__Your objective__.
Omitting all images, set down every line below exactly as it appears.

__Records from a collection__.
>>>>

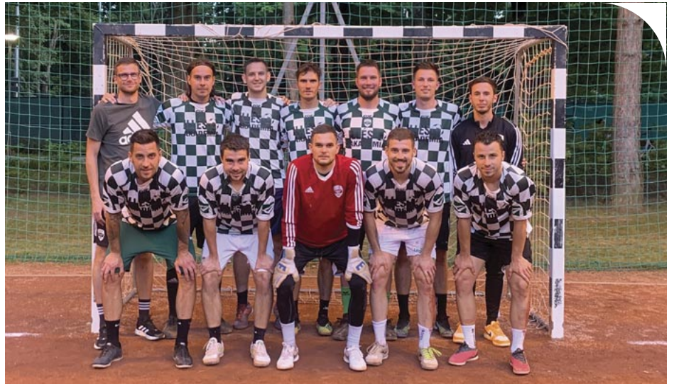
Az Illés Akadémia Fiatlok csapata
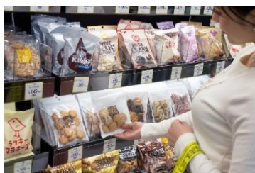
② 商品は手持ちのバックに入れても OK
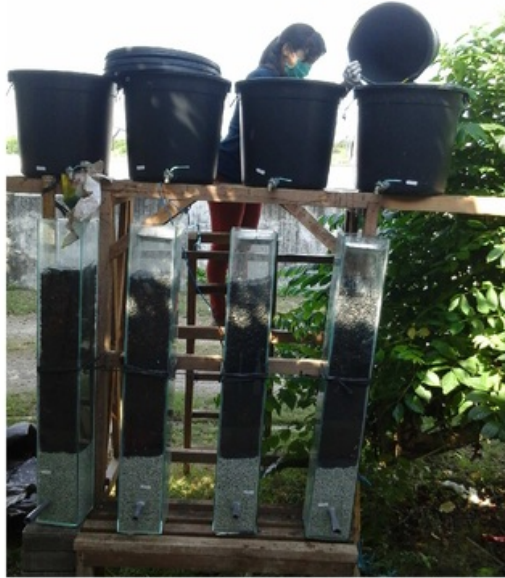
Gambar 1. Desain Sistem Biofilter

Ni) yang terdapat dalam air limbah (Shofianty, 1999 dalam Sihombing, 2007). Setelah melewati bak biofilter air limbah ditampung pada bak penampungan akhir, dan selanjutnya dianalisis di laboratorium.
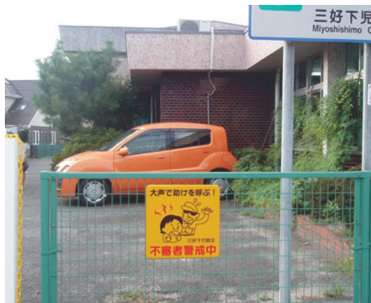
「三好下児童館」に設置した表示板
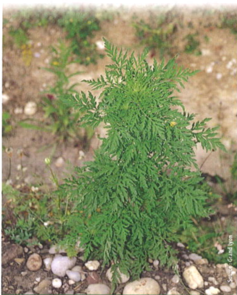
L'AMBROISIE AVANT FLORAISON
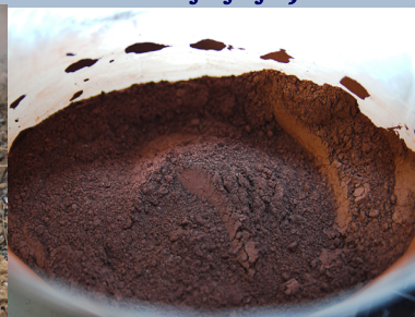
Терміт \text{Al} і \text{Fe}_2\text{O}_3 (1:3) Запалювальна суміш
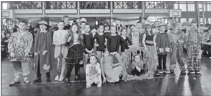
A 2. osztály parádés cirkusza

A rendezvény egyik legizgalmasabb része a jelmezes felvonulás volt, ahol a diákok kreatív és ötletes maskarákba bújva mutatták meg egyedi stílusukat. Az egyéni jelmezeseik után az osztályok adták elő csoportos produkciójukat.
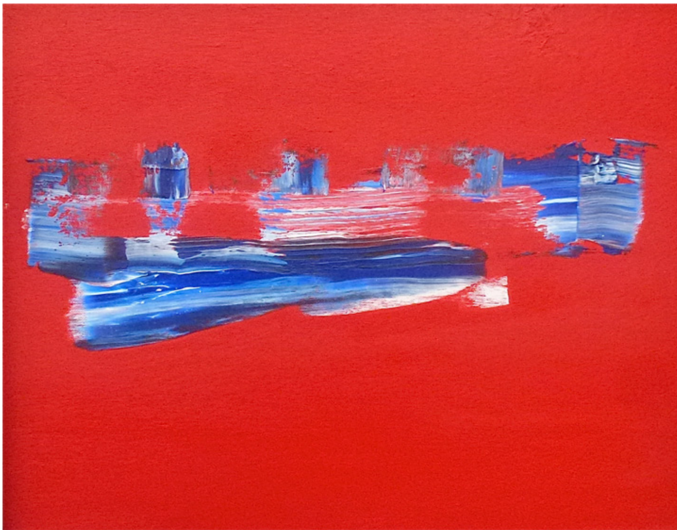
Abstract in Red No 3, oil on canvas, 40 x 50 cm.

<<<<

__Answer for the task__.
Az Illés Akadémia Fiatlok csapata
② 商品は手持ちのバックに入れても OK
Gambar 1. Desain Sistem Biofilter

Ni) yang terdapat dalam air limbah (Shofianty, 1999 dalam Sihombing, 2007). Setelah melewati bak biofilter air limbah ditampung pada bak penampungan akhir, dan selanjutnya dianalisis di laboratorium.
「三好下児童館」に設置した表示板
L'AMBROISIE AVANT FLORAISON
Терміт \text{Al} і \text{Fe}_2\text{O}_3 (1:3) Запалювальна суміш
A 2. osztály parádés cirkusza

A rendezvény egyik legizgalmasabb része a jelmezes felvonulás volt, ahol a diákok kreatív és ötletes maskarákba bújva mutatták meg egyedi stílusukat. Az egyéni jelmezeseik után az osztályok adták elő csoportos produkciójukat.
Abstract in Red No 3, oil on canvas, 40 x 50 cm.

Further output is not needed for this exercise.